I mentioned that the Tea Party is similar to classical anticommunist networks, but it differs in some key respects. It lacks a coherent global narrative. The charge that Obama is an occult Muslim by no means has the same power as the claim that communists were infiltrating the government and engaged in sabotage, which had some empirical basis however exaggerated. Moreover, the classical anticommunist network could be seen as composed of three coordinates: civil society groups and coalitions, such as the Daughters of the American Revolution, the Minute Men, etc; business alliances and departments of commerce; and the state. The latter is the vital unifying element, what really gives these networks teeth. The Tea Party, of course, has no equivalent to to J. Edgar Hoover in the Justice Department, no Dies Committee, and no HUAC. It has no executed traitors, no public testimonials and no police forces and para-state mobs concretising its countersubversive intent with illegal raids. Failing thus far to colonise the state, denied the unifying properties of state power, it has remained the name for a disarticulated and ideologically unstable rightist rump. Its anti-socialism, far from becoming hegemonic, remains sectional.
Hegemony, and the historical bloc
The classical period of anticommunism that I will discuss is that between 1945 and 1965, a twenty year period during which the US was ruled by a Fordist ‘historical bloc’ – that is, an alliance between monopoly capital, the state and the trade union bureaucracy. This hegemonic moment was achieved through the destruction of the CPUSA-dominated Popular Front left and the incorporation of many of its scattered elements. This was crystallised in the outcome of the 1948 presidential election, but punctuated along the way by a series of moments, such as the Taft-Hartley anti-union legislation. Very importantly, the fight against Popular Frontism was won inside the trade union movement, inside the bureaucracy. And if, as Volosinov argued, the word is the most sensitive index of social change, then at the discursive level, this change was registered with the popularisation of terms like ‘communofascist’ among workers, which had first appeared after the Hitler-Stalin pact. This indicates that, as much as anything else, the Cold Warriors were exploiting the limitations of Popular Frontism and specifically the practices of the CPUSA which had alienated working class supporters.

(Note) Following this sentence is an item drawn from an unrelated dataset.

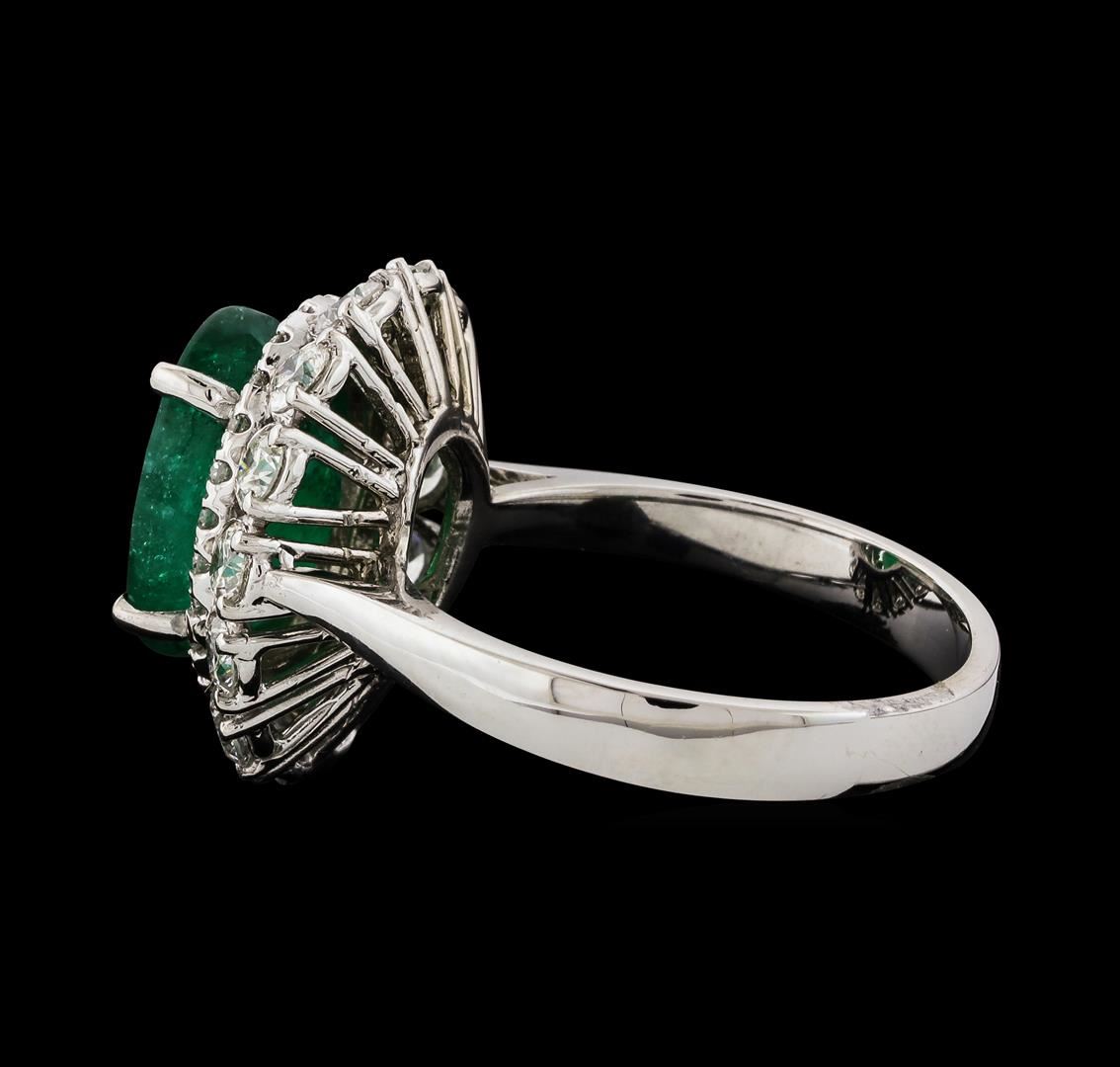 One electronically tested 14KT white gold lady's cast fashion ring with a double basket halo with a bright polish finish. The featured lady's ring has a shank measuring 3.00 millimeters wide. Identified with markings of 'K14'. Condition is new, good workmanship. Containing: One prong set oval modified mixed cut natural emerald, measuring 11.30 x 8.38 x 5.47mm, (depth est.) 15%. bulge factor, approximate weight of 3.53ct., clarity is heavily included, medium dark, moderately strong, green color, (GIA G 6/4), cut is good. Transmitting light somewhat diffusely, semi-transparent to translucent. Naturally occurring internal & external characteristics are present. Indications of oil residue. Colored gemstones are presumed to have been subjected to commonly used enhancement processes. Graded in the setting. Fourteen prong set round brilliant cut diamonds, measuring 2.75 - 2.65 x 1.67mm (depth est.) approximate total weight of 14 Stones = 1.05ct. Graded in the setting. Clarity SI-1 to I-1. Color: G - H Cut Good Twenty-Four prong set round brilliant cut diamonds, measuring 1.35 - 1.25 x 0.78mm (depth est.) approximate total weight of 24 Stones = 0.19ct. Graded in the setting. Clarity SI-1 to SI-2. Color: G - I Cut Good. Total Weight of Colored Stones 3.53ct.. Total Weight of Diamonds 1.24ct.. Total Weight of Ring 5.30gm. GAS Appraised at $6,075.00.

For it to be effective, Cold War anticommunism had to condense and articulate highly antagonistic subject-positions. In particular, it had to plausibly incorporate elements of popular ideologies and aspirations. The extolment of the ‘free’ American worker whose income would rise with productivity, in contrast with the Soviet worker, who was enslaved and impoverished, is an example of this. [It was pointed out in the discussion that one reason for the Tea Party's failure to gain real traction in the working class is that the system can't deliver real wage rises any more, because all productivity rises are accumulated as surplus value.] The symbolic element of this hegemonic practice can be overstated. Nonetheless, it is worth looking at how hegemonic languages are constructed, and how they successfully bind together opposing interests.
In the symbolic field of anticommunism, 'freedom' is the master-signifier, not 'capitalism'. (In the symbolic field of communism, this position was occupied by 'peace'). Yet, 'freedom' for a unionised worker in a northern Ford plant meant something different than for someone in the White House, or the White Citizens' Council, or the Civil Rights Congress, or the Southern States Industrial Council, and so on. Should we say, following Laclau, that 'freedom' is a 'tendentially empty signifer', one of several such, enabling “common nuclei of meaning” to be “connotatively linked to diverse ideological-articulatory domains”? I think there is some validity in this, provided we bear a few caveats in mind.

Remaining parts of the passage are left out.